The amendments to Section 262 of the General Corporation Law, effective only with respect to a merger or consolidation consummated pursuant to an agreement entered into on or after August 1, 2018, include both the “market out” exception applicability and technical changes to the appraisal statement requirements.

First, Section 262 has been amended to ensure that – with respect to the availability of appraisal rights – tender offers followed by an intermediate-form merger will receive the same basic treatment as long-form mergers (which require a vote of stockholders). This fixes the illogical result under the prior statutory language which permitted appraisal rights for intermediate-form mergers even if the market out exception would apply to the analogous long-form merger, which requires stockholder approval.

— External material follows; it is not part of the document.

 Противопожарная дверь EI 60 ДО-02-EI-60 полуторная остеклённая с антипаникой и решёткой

Under the new language, for an intermediate-form merger, appraisal rights will not be available for shares of the target that were listed on a national securities exchange or held of record by more than 2,000 holders immediately prior to the execution of the merger agreement, so long as such holders are not required to accept for their shares anything except: (i) stock of the surviving corporation, (ii) stock of any other corporation that at the effective time of the merger will be listed on a national security exchange or held of record by more than 2,000 holders, (iii) cash in lieu of fractional shares or fractional depository receipts in respect of the foregoing or (iv) any combination of (i)-(iii).

Second, Section 262(e) has been amended to clarify that when an appraisal statement relates to an intermediate-form merger, because no shares are voted for the adoption of the agreement of merger, it must set forth the relevant shares not tendered, rather than the shares not voted.

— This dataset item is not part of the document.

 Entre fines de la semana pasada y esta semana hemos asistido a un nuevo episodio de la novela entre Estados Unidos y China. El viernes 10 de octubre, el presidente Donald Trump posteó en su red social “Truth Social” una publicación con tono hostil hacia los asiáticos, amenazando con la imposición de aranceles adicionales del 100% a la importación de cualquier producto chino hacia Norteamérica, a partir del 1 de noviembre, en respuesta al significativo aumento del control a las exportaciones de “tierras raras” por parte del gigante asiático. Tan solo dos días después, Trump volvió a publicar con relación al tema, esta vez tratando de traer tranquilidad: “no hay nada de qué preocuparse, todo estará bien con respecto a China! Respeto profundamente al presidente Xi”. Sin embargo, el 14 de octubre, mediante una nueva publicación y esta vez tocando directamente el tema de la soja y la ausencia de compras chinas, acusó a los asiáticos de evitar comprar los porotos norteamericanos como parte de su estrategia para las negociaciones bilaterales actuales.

Ratification of Defective Corporate Acts

The amendments to Section 204 of the General Corporation Law (relating to defective corporate acts) are effective only with respect to defective corporate acts ratified or to be ratified pursuant to resolutions adopted by a board of directors on or after August 1, 2018. The amendments to Section 204 clarify the requirements for ratification of defective corporate acts in certain specific circumstances.

First, the amendments clarify that Section 204 may still be used where there is no valid outstanding stock of the corporation, even if the ratification of the underlying defective corporate act would otherwise require stockholder approval under Section 204(c).

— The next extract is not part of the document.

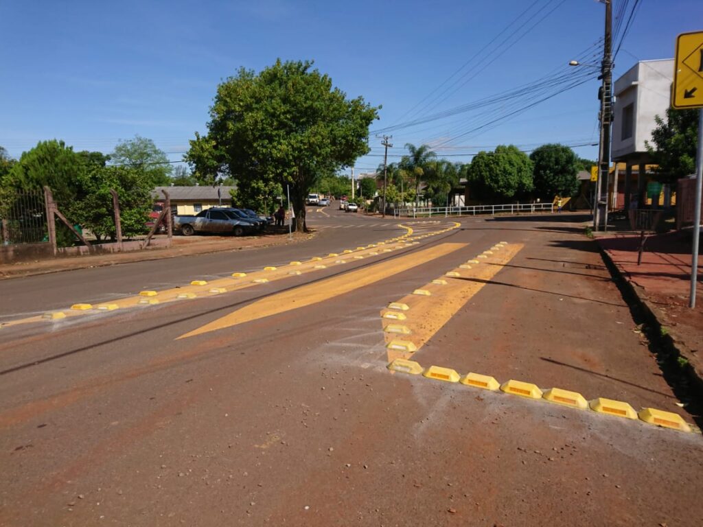 A Secretaria municipal de obras e trânsito realizou nesta sexta-feira, 19, a instalação da nova sinalização no entroncamento entre as ruas Rui Barbosa, Pedro Alvares Cabral e Pedro Bambini. A obra tem como objetivo melhor sinalizar o entroncamento e fazer com quem os motoristas diminuam a velocidade, consecutivamente diminuindo o número de registros de acidentes no local.

Second, the notice requirements under Section 204 are now clear where the stockholders at the time of the defective corporate act are different from the stockholders as of the record date used for determining the stockholders entitled to vote on the defective corporate act. Specifically, when a stockholder vote is being sought for the ratification of defective corporate acts at a prior meeting of the stockholders, the notice that is required to be given to holders of valid or putative stock as of the time of the defective corporate act may be given to the holders of valid stock or putative stock as of the record date for the defective corporate act if such defective corporate act involved the establishment of a record date.

Third, in reaction to Nguyen v. View, Inc., C.A. No. 11138-VCS (Del. Ch. June 6, 2017), which arguably narrowed Section 204, Section 204(h)(1) was amended to clarify that any act or transaction within the corporation’s power under the General Corporation Law may be ratified under Section 204. Under these amendments, it has been made clear that an act is not outside the power of a corporation solely because it was not approved in accordance with the provisions of the General Corporation Law or the corporation’s certificate of incorporation or bylaws. A court still has the power, however, to decline to validate a defective corporate act if the failure of authorization that rendered such act void or voidable involved a deliberate withholding of any consent or approval required under the General Corporation Law, the certificate of incorporation or bylaws.

Fourth, Section 204(h)(2) has been amended to clarify that any act that is alleged to be defective due to deficiencies in the disclosure documents pursuant to which the vote or consent of stockholders was sought may be cured through ratification pursuant to Section 204.

Finally, nonstock corporations now have the ability to utilize Sections 204 and 205 to ratify potentially defective corporate actions under Section 114.

Alternative Entity Statutes

Division of a Limited Liability Company

The LLC Act was amended to add Section 18-217, which allows a Delaware LLC to divide into two or more LLCs, with the dividing LLC either continuing or terminating its existence following the division.  A division will be carried out by the dividing LLC adopting a “plan of division” which sets forth the terms and conditions of the division.  Such plan must include, among other things, the allocation of assets, property, rights, series, debts, liabilities and duties of the dividing LLC among the “division LLCs” (the term used in the LLC Act to refer collectively to any surviving LLC and the resulting LLC(s) following the division), the name of each division LLC, and the name and business address of the person or company which shall have custody of a copy of the plan of division following the division.  A division will require filing with the Delaware Secretary of State a certificate of division by any division LLC and a certificate of formation for each resulting LLC.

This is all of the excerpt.